If you are a depressed or anxious person, it might be worth considering what it is that you want more of, you would like to have, or what you value in your life. Instead of thinking what do I want to avoid start thinking about what you want to have more of in your life. What is it that would make your life more fulfilling, more engaging, more interesting, more desirable, or more alive? What is actually important to you? Sometimes people are so focused on what they are trying to get rid of they stop pursuing what they want.
Figuring out what you want more of ties in to your values, your energy, and your time. Are you sacrificing what is important to you because you are avoiding negative feelings? Have you stopped seeking activities that give you pleasure, fulfillment, obligation, a sense of contribution, or the opportunity to enhance an important relationship? If depression and anxiety interfere, this is a good time to evaluate what you might have to tolerate to go after more of what you want.
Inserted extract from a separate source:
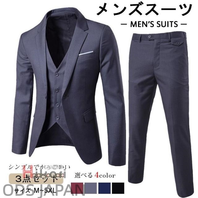 スリーピーススーツ セットアップ メンズ ビジネススーツ 結婚式 スーツセットアップ 3ピーススーツ 細身 通勤

Sometimes, if people have more of what they want, their buffer against depression and anxiety can be tolerated more naturally. Some people get panic attacks at work, but because their job is important to them, they find a way to bear with them. Sometimes people get depressed when important things are lost, but because they have other important and meaningful activities in their life, the depression is bearable.
People who have fulfilled lives often have a wide range of things that give them pleasure, provide a sense of work/ mastery, invest in important relationships, and find new relationships when important ones end. Diversity and stability of the good things can help people shore up more resources when things go south and important jobs and relationships end.